# Hello



## Niall (Jul 2, 2016)

Am new to the forum and just want to say how informative a lot of the threads are. Am enjoying the level of detail that is involved.

Am in the middle of researching different machines and grinders so would welcome any good offers anyone comes across. Modest budget but would be open to suggestions.

Thanks


----------



## GCGlasgow (Jul 27, 2014)

Hi Niall some good deals in the for sale thread on here, have you narrowed your machine/budget down to anything specific? as you'll read on here don't skimp on a grinder.


----------



## Niall (Jul 2, 2016)

Ive mentioned in other threads; am open to both a lever machine and a semiautomatic machine. Have been looking at an Elektra Micro Casa, lever and semiauto versions. Also looking at Expobar/ECM machines. I did notice you have an Expobar for sale! Am still deliberating and trying to figure out what is best. Budget is around the £1000 mark for machine and grinder, but if there was a good deal would maybe go above.

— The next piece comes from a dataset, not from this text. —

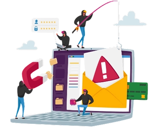 É uma prática criminosa comum e efetiva, realizada por meio de e-mails, mensagens de texto, ligações ou sites e pop-ups falsos, contendo algum tipo de isca atrativa.

In researching machines ive come to realise the importance of grinders. So thanks for reinforcing that!


----------



## GCGlasgow (Jul 27, 2014)

I also have a super jolly I would sell, I would do the Expobar and jolly for £1000 delivered.


----------



## Niall (Jul 2, 2016)

OK, I'll have a think. Thanks


----------



## Niall (Jul 2, 2016)

Sorry, have you got grinder listed on here?


----------